Artifacts of the conditioning problems show up in the simulated outputs for the voltages through the diodes as plotted in \cref{fig:bridgeRectifierCapFilterFig3} for a single frequency source.
\imageFigureHere{../figures/ece1254-multiphysics/report/bridgeRectifierCapFilterDiodeVoltagesFig4.pdf}{Diode voltages.}{fig:bridgeRectifierCapFilterFig3}{3.0in}{proj:makefigures.m}

The doubling and halfing heuristic used for the step sizes is insufficient for this circuit.
Even after
reducing the step size by a many orders of magnitude, and capping the step doubling at the initial step size, the solutions for this circuit stubbornly refused to converge without Matlab numerical conditioning diagnostics.
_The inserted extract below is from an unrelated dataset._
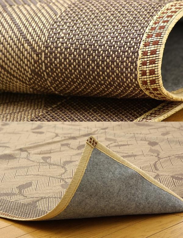 麻の一種であるジュート糸と、ポリエチレン糸のジャガード織のカーペットです。裏面にはフローリングを傷つけにくいよう不織布を貼っています。 |

For this circuit, and surely others, it appears that additional strategies beyond source stepping are required to compute a solution without hitting numerical instabilities.
\section{Conclusion.}
When the steady state solution of a uniformly discretized linear or nonlinear system with periodic sources is desired, the Harmonic Balance method is a natural way to express the system equations, and once solved provides both the frequency and time domain representation of the system response.  Some of the nonlinear circuits for which HB solutions were sought proved troublesome, even with source stepping and fine mesh sizes, so it is clear that developing a generic and numerically robust HB system would require additional study and careful implementation.
\appendices
\myappendix{Discrete Fourier Transform inversion}
\label{appendix:discreteFourierInversion}
To find \( X_n \) evaluate the sum
\begin{equation}\label{eqn:ece1254projectReport:80}
\begin{aligned}
\sum_{k = -N}^N &x(t_k) e^{-j m \omega_0 t_k} \\
&=
\sum_{k = -N}^N
\lr{
\sum_{n = -N}^N X_n e^{ j n \omega_0 t_k}
}
e^{-j m \omega_0 t_k} \\
&=
\sum_{n = -N}^N X_n
\sum_{k = -N}^N
e^{ j (n -m )\omega_0 t_k}
\end{aligned}
\end{equation}
This interior sum has the value \( 2 N + 1 \) when \( n = m \).
For \( n \ne m \), and
\( a = e^{j (n -m ) \frac{2 \pi}{2 N + 1}} \), this is
\begin{equation}\label{eqn:ece1254projectReport:100}
\begin{aligned}
\sum_{k = -N}^N
e^{ j (n -m )\omega_0 t_k}
&=
\sum_{k = -N}^N
e^{ j (n -m )\omega_0 \frac{T k}{2 N + 1}}
\\ &=
\sum_{k= -N}^N a^k
\\ &=
a^{-N} \sum_{k= -N}^N a^{k+ N}
\\ &=
a^{-N} \sum_{r= 0}^{2 N} a^{r}
\\ &=
a^{-N} \frac{a^{2 N + 1} - 1}{a - 1}.
\end{aligned}
\end{equation}
Since \( a^{2 N + 1} = e^{2 \pi j (n - m)} = 1 \), this sum is zero when \( n \ne m \).
This means that
\begin{equation}\label{eqn:ece1254projectReport:120}
\sum_{k = -N}^N
e^{ j (n -m )\omega_0 t_k} = (2 N + 1) \delta_{n,m}.
\end{equation}
Substitution back into \cref{eqn:ece1254projectReport:80} proves the Fourier inversion relation \cref{eqn:ece1254projectReport:60}.